### The task
Beginning with the line containing "The doors have" and ending with the line containing "Κάποια στιγμή η", write out each line of the records below exactly; pictures and lines outside that range are left out.
Records for the exercise Start Marker
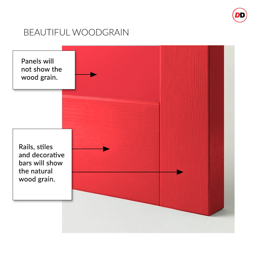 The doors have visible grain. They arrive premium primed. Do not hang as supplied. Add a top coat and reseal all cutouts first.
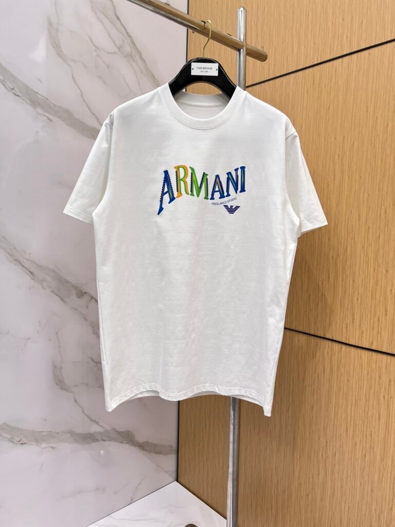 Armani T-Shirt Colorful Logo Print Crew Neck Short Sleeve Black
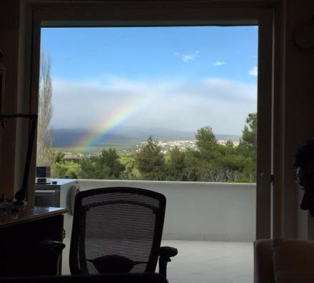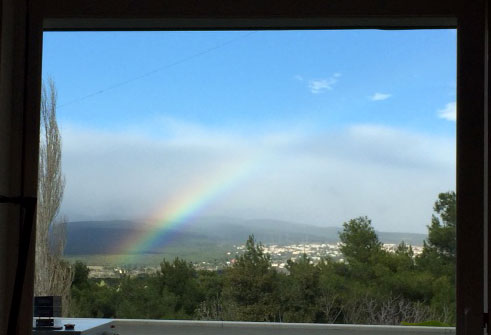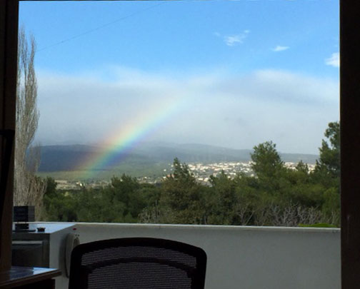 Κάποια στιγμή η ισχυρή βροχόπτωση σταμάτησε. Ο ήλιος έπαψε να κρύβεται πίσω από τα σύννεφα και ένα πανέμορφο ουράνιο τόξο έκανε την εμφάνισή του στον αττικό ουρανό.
Records for the exercise End Marker
Records for the exercise Start Marker
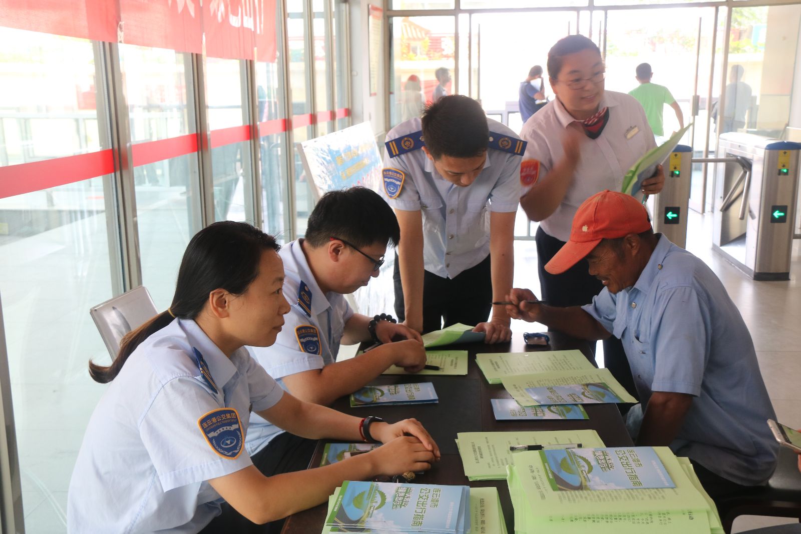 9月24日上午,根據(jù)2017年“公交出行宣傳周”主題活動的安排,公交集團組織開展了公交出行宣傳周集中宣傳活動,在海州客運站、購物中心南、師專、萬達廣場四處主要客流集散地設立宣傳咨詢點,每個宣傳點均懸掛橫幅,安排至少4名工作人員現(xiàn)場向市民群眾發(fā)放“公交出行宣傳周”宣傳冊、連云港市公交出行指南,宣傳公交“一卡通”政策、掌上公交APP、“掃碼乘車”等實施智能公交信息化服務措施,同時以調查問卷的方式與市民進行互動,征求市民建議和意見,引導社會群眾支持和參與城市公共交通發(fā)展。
Records for the exercise End Marker
### Answer section
 The doors have visible grain. They arrive premium primed. Do not hang as supplied. Add a top coat and reseal all cutouts first.
 Armani T-Shirt Colorful Logo Print Crew Neck Short Sleeve Black
 Κάποια στιγμή η ισχυρή βροχόπτωση σταμάτησε. Ο ήλιος έπαψε να κρύβεται πίσω από τα σύννεφα και ένα πανέμορφο ουράνιο τόξο έκανε την εμφάνισή του στον αττικό ουρανό.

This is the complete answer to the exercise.